第1話 深い闇
全日本ロードレース選手権。
年間を通じて八度行われるこの大会は、十月の秋晴れに恵まれた、ここ三重県鈴鹿サーキットにて最終戦が開催されていた。
おおよそ1000㏄クラスの大型排気量のバイクは、各メーカーの威信をかけて最大にチューンナップされおり、もともとのベーススペックで200馬力はある怪物をさらに凶暴なマシンに変貌させていた。
レースは序盤こそ混戦状態であったものの、後半飛び出した一台のバイクがじりじりと後続たちを引き離し、独走状態になっていた。
最終コーナーを曲がってメインストレートに現れた先頭のバイクは、甲高い排気音を響かせながら、そのままゴールラインを駆け抜けていった。
大勢の観客が総立ちになる中、両手の拳を高々と上げて歓声の祝福を受けるライダーに冷ややかな視線を向ける男がいた。
観客席の最前列に座っていたその男は、走り過ぎて行ったライダーを見送った後、レースの結果にまるで関心の無いような、さばさばした感じで席を立った。
湧きたつ大勢の観衆の間を抜けて、レース場から出て来た男は冷たい表情のままぼそりと呟いた。
「恐らく、間違いないな」
ただ何かを確認したくてここへ来た。そんな印象だった。
表情が冷たそうなのは、普段からあまり感情を表現しないからなのだろう。
遠目に大学生くらいに見えるその男は、その表情の乏しさから何となく老けて見えた。
影山冬真。
それがこの男の名だった。
大志と同じ加速能力者。もっとも影山は思考だけを加速できる能力者だった。
あの教団の一件で大志たちに敗れ、能力の発動する引き金を封印された影山は、今は思考の加速を出来ない状態だった。
だが、彼は頭は加速できなくとも、依然思考加速によって得た知識を有しており、一般的には天才と呼ばれる部類に入る頭脳を持っていた。
そして能力を封印されて以降も、人間が加速できるようになった謎を究明し続けていた。
それは損得といったものというより、未解決の物をそのまま放置できない影山の性格からきたものだった。
知的好奇心をただ満たしたい。渇望に似た欲求が、執拗なまでに真相を求めて彼を衝き動かしていた。
影山は過去に遡って真相を知ろうと、あらゆる手を尽くして当時の情報を漁った。
そして当時看護師をしていた者の所在を突きとめ、情報を得たのだった。
そして今、彼はその真相に近づきつつあった。
それは影山が生まれた時に遡る。
今は建物すら残っていない当時の産婦人科には、分娩後に新生児を移す新生児室と、早産などで早く生まれてしまった未成熟児に対応するための、新生児集中治療室が設けられていた。
新生児室と新生児集中治療室は部屋が隣同士になっていて、一度部屋を出なくとも看護師や医師が行き来できるように、扉一枚で繋がっていた。
そして、未成熟児や低体重児は経過を見て、集中治療室から新生児室へと移していっていた。
影山が注目したのは新生児室で通常の状態で生まれた加速能力を持つ自分達五人ではなく、集中治療室にいた未成熟児の方だった。
看護師の記憶によると、そこで奇妙な出来事が起こったというのだ。
今思い出しても不思議だったと、その時担当した看護師が話してくれた内容は、影山の想像を超えるものだった。
当時、病院の新生児集中治療室には三台の保育器があり、そのうちの一台にあまりにも早く生まれすぎた超低体重児が緊急で入ることになった。
恐らく助からないだろう。
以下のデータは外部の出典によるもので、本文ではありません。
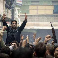 Rebeldes del Ejército Libre de Siria participan en una manifestación en un barrio de Alepo.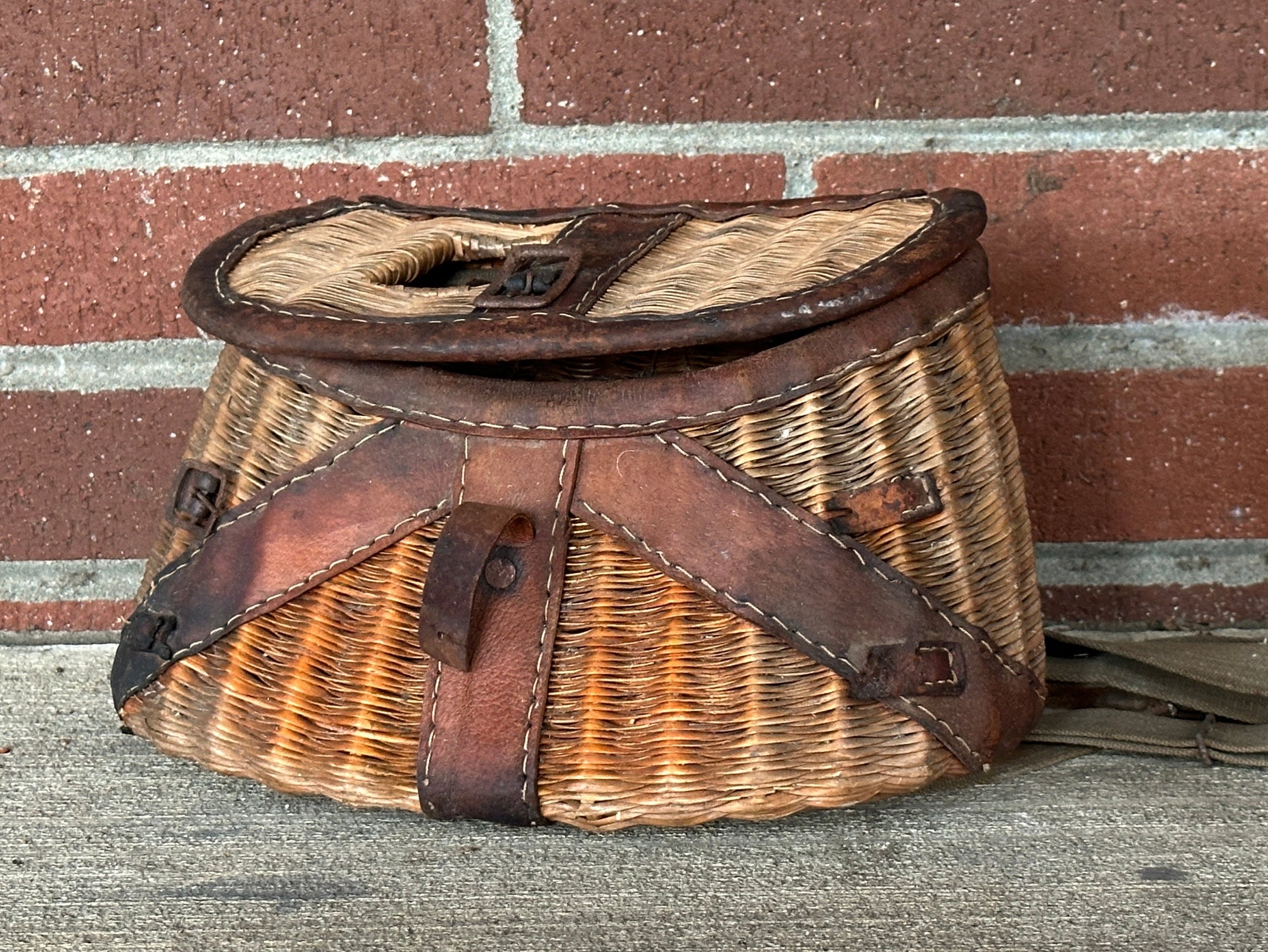 Woven Reed style spit reed fishing basket. Decorative leather and canvas strap and corner reinforcements. This fishing creel is in nice shape and ideal for decor. The leather is in good condition. This is the style creel we would see being used as decor for a cabin mantel display, or in a gentleman's library.

その時様々なケースを見て来た看護師はそう思ったそうだ。
だが、看護師の予想は見事に外れた。
どういうわけか、助かる可能性の無かった超低体重児は、通常の生育スピードより明らかに速く成長し、あちこちで臓器不全を起こしていた状態も不思議な事に正常に回復していた。
それだけなら、一つの命が助かったのだと喜べたのだろう。
だが、まるでその代償を払わされたかのように、他の二台の保育器に入っていた新生児は衰弱し、あっという間に死んでしまったのだった。
たまたまそういう巡り会わせだったに違いない。
当時の担当医は理解出来ない現象をそう片付け、新たな低体重児を受け入れた。しかしその部屋に新たに入れられた新生児は次も、その次も衰弱して死んでしまった。
保育器に問題があるのかも知れないと、一時的に低体重児の受け入れを止め、保育器を点検に出したのだがどこも異常は見られなかった。
釈然としないまま、いつの間にか気味の悪い現象は収まっていた。
それは、あの超低体重児だった新生児が順調に回復し無事に退院した頃と同じぐらいだと看護師は言っていた。
あの部屋で何かが起こった。
影山はそう確信していた。
そして19年前に新生児だった影山たちの、隣の集中治療室にいた超低体重児は、先程の全日本ロードレース選手権の覇者、那岐空也だった。